Of these wars, none was so unpopular as the Spanish-American War. In retrospect, and to Catholics especially, the struggle with Spain was such a useless affair. In spite of the good offices of the Holy See, which, as direct intermediary with Spain, had procured Spain's consent to all our demands, the newspapers and vested interests flung this country into war. Protestant bigotry ridiculed Catholics, crying that Spain had erected more crosses and thereon crucified more men than any other nation under the sun.

As we drew closer to the conflict, students and faculty were confused by the propaganda. An incident which, perhaps, had its counterpart in no other college in the country, served to arouse the student body. At Notre Dame there had been a young boy from Chicago, John Shillington, a fine strip of a lad, dashing, likeable, athletic. In the spring of 1897, when the team went to Chicago for a baseball game, John, who had played in the game, went off on a lark and did not return with the team. For this infraction of the rule John was expelled.
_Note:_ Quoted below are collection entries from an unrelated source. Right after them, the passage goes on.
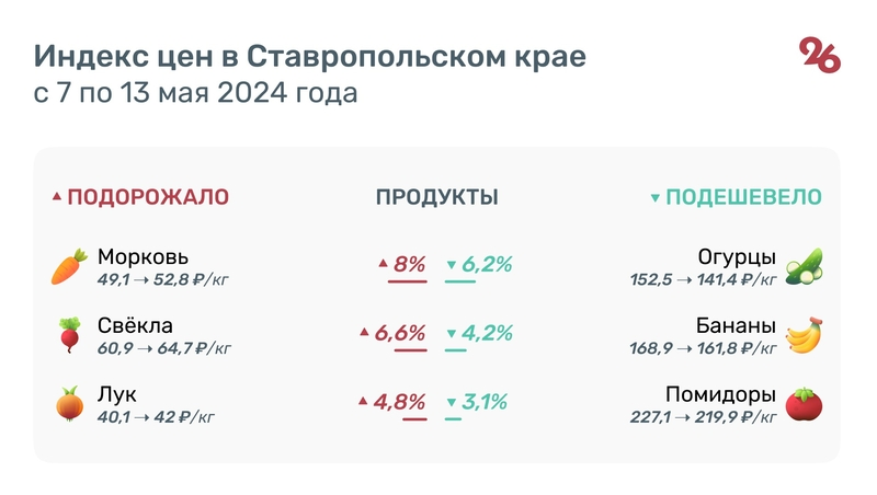 За неделю на Ставрополье на 8% подорожала морковь — 52,8 руб. за кг, на 6,3% выросла цена свёклы — 64,7 руб. за кг, на 4,8% лука — 42 руб. за кг, на 4% капусты — 43,5 руб. за кг, а на 2,7% картофеля — 38,7 руб. за кг.
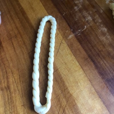 7、将两头掐紧,形成一个圆形的麻花卷儿。
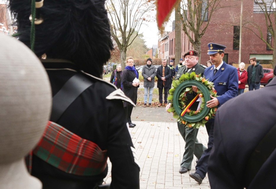 Sint-Mariaburg – Onder een grijze hemel verzamelden op 11 november enkele tientallen mensen op het pleintje achter de kerk van Mariaburg. Aan het monument had de jaarlijkse herdenking plaats van de slachtoffers van de Eerste en Tweede Wereldoorlog. Twee muzikanten van de Clan Hay Pipe Band en klaroenblazer Seppe van Lent luisterden de korte plechtigheid op. Namens het districtsbestuur, politie Antwerpen en Wijkwerking Mariaburg werden bloemen neergelegd. (mw)
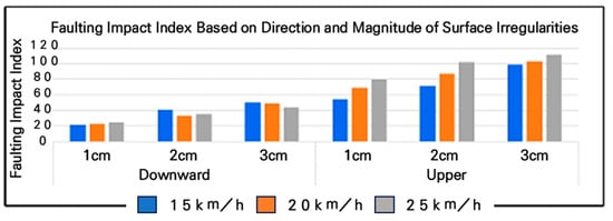 The results revealed significant differences in the FII experienced by cyclists, depending on the direction of the step. In experiments conducted at various speeds (15–25 km/h) with five repetitions per step, upward steps produced an FII approximately 2.5 times greater than that of downward steps. Despite the constant step height, the direction of the cyclist’s approach determined whether the step was categorized as upward or downward. Therefore, future experiments focused on measuring FII will prioritize upward steps, which induce greater impact, and exclude the less impactful downward steps. The results of FII based on the direction and magnitude of irregularities on bicycle roads are described in Figure 15. Furthermore, experiments with a step height of 4 cm revealed hazardous situations, such as tire punctures, due to the severity of the impact. As a result, steps exceeding 4 cm in height were classified as highly hazardous. Consequently, this study suggests that the ideal FII range should be between 1 and 3 cm for safe bicycle road conditions.
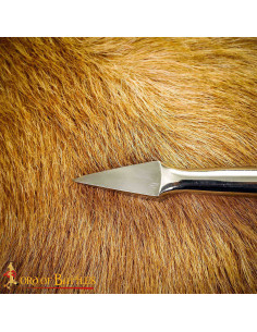 Questa punta di lancia triangolare è stata realizzata con una cura artigianale ineguagliabile a partire da resistente ACCIAIO AL CARBONIO, il che garantisce un'eccezionale durabilità. La punta è affilata per una funzionalità pratica sul campo di battaglia, pronta a svolgere il suo scopo con precisione.
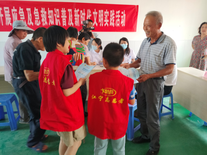 為了更好地普及老年人健康急救及應急知識,江寧區(qū)蒲公英青少年應急服務中心志愿者為大家進行了應急及急救知識普及,工作人員用淺顯、通俗的語言,生動、細致的向大家講授了突發(fā)事件的應急必備常識、急救須知、心肺復蘇方法等,并對心肺復蘇進行現(xiàn)場示范和操作訓練,邀請村民朋友實際操作,手把手教大家如何急救,現(xiàn)場氣氛十分熱烈。
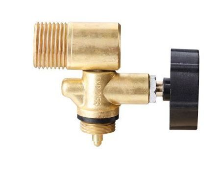 Jednocestný uzavírací ventil k 2kg propanbutanové lahvi s výstupním závitem W21,8L do boku.
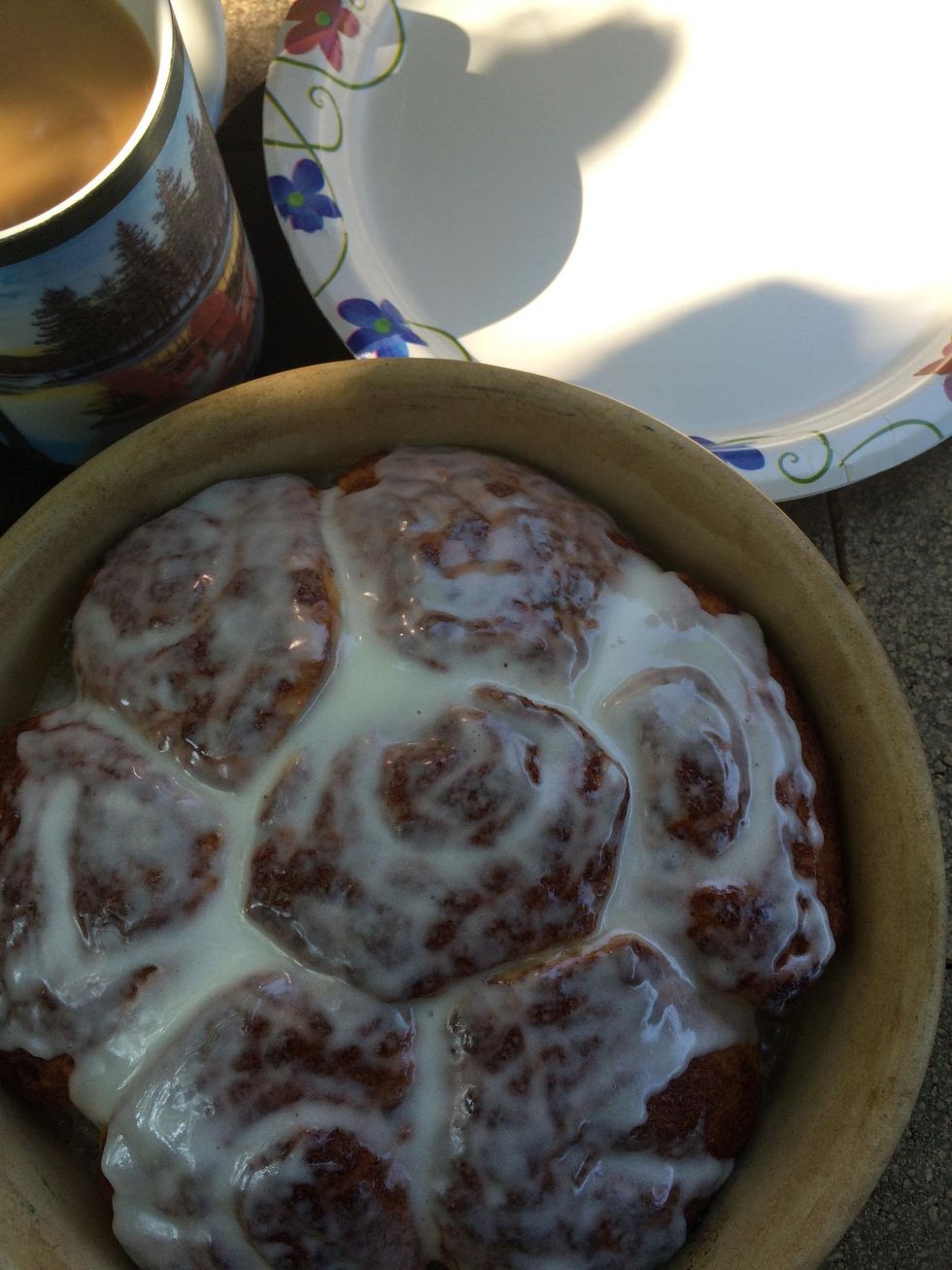 Have a great camping day started with fresh baked cinnamon rolls. Don't forget the camp coffee. Enjoy!
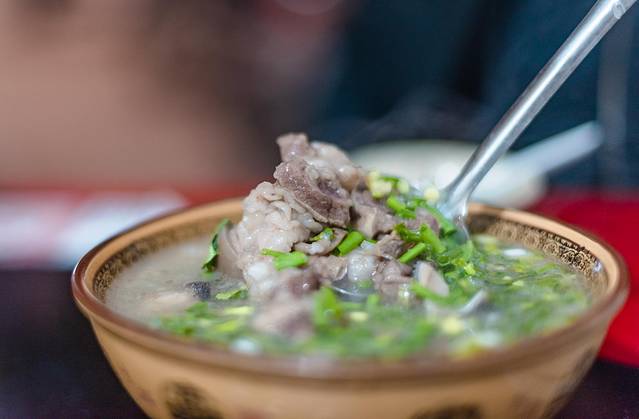 羊肉汤一定要单独盛出来出来喝,洒上葱花、香菜、薄荷叶,一口下去浓郁而鲜美。
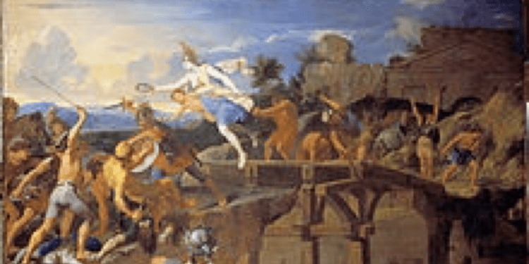 Note also that Macaulay has Horatio fight for “ashes” and “temples”—that is, not in the hope of saving any living family members, or in the service of any gods in whom he has confident faith. The implication: he could have no family members and no hope of divine providence—but his death in battle would still have symbolic resonance.
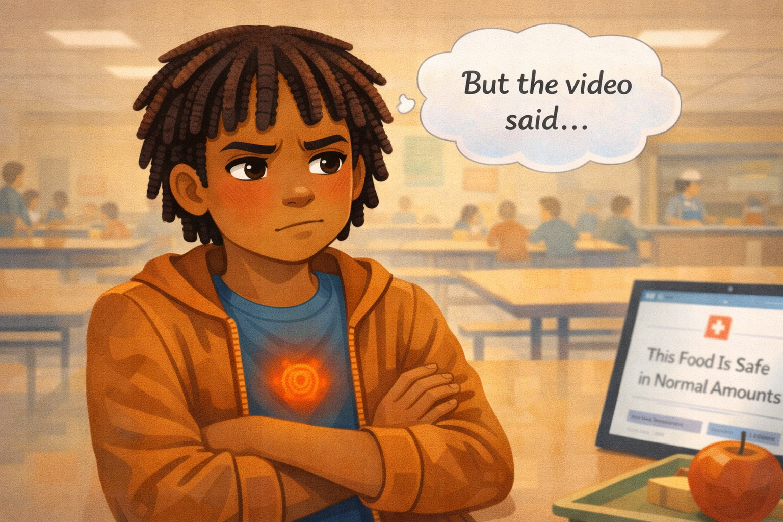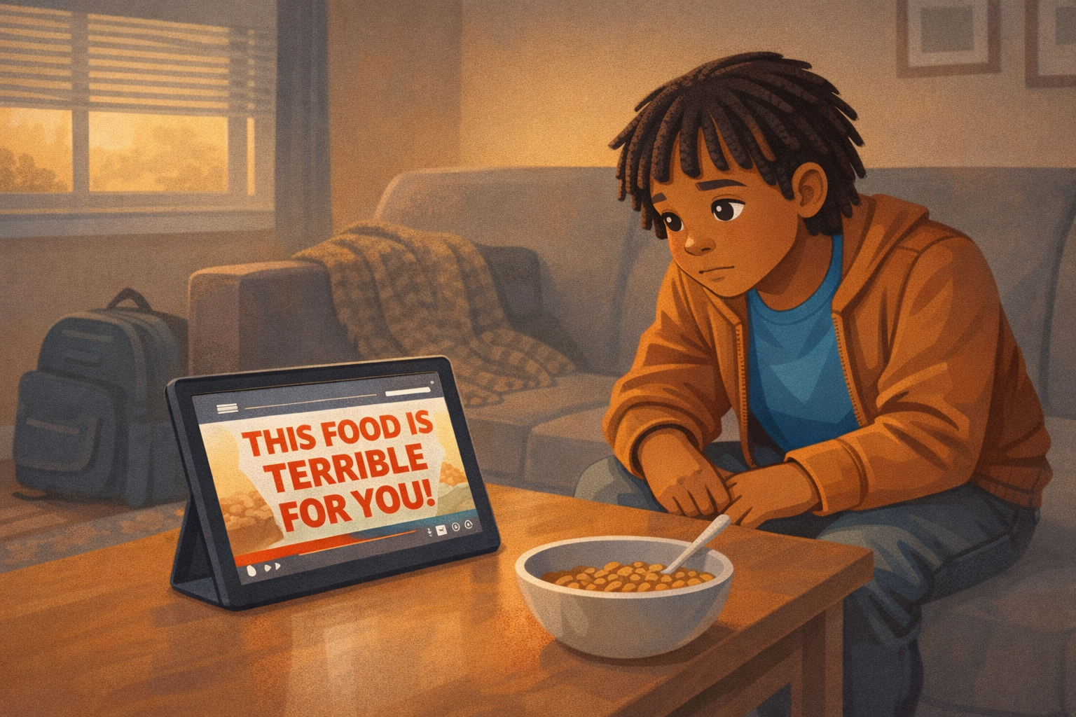 Before school, Jaylen watches a video on his tablet. A loud voice says, "This food is terrible for you! Never eat it again!" The video has dramatic music and flashing text. It feels important and urgent. Jaylen watches the whole thing. By the time he grabs his backpack, he is sure the video is right.
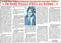 El Hadj Bema Fofana, président de l'association des musulmans, Firdaouss : "Le hadj risque d'être un échec..."

Everyone was distressed about the affair, most of all John. He agreed that the University authorities did him no injustice, and to get away from it all, he joined the Navy. One day, from the battleship Maine, he wrote to a former college mate:

When the Maine was blown up in Havana harbor, Shillington was killed. Of course no one was permitted to think other than that Spain was at the bottom of it. For Notre Dame boys, there was something deeply personal about the incident. Indignant, they held a mass-meeting. No less a personage than Austin O'Malley urged the boys to get "into it." He would go with them, he shouted, as their own medical officer. At the conclusion, the students ran from the gymnasium shouting "To hell with Spain!" They made their way over to St. Mary's where they tossed a protesting watchman into the bushes, and paraded through the grounds.[44]

The war was of short duration. Nevertheless, quite a few Notre Dame men saw action.[45] Many more joined up but never reached the fighting front. A sort of Irish Brigade was formed on the campus, and there was much marching and drilling and not a little horseplay.[46] It was apparent from the beginning that Spain was hopelessly outclassed, and the students' initial enthusiasm soon vanished.

A graduate of 1883, J. P. ("Patsy") O'Neill, later a captain, and finally a general, was at the bloody assault of San Juan Hill. He avowed that only his spartan athletic training at Notre Dame enabled him to survive the rigors of the campaign.[47] As for poor Shillington, his sacrifice was later commemorated with a granite monument topped by one of the shells resurrected from the Maine. The memorial is tucked away in one of the nooks of Brownson campus.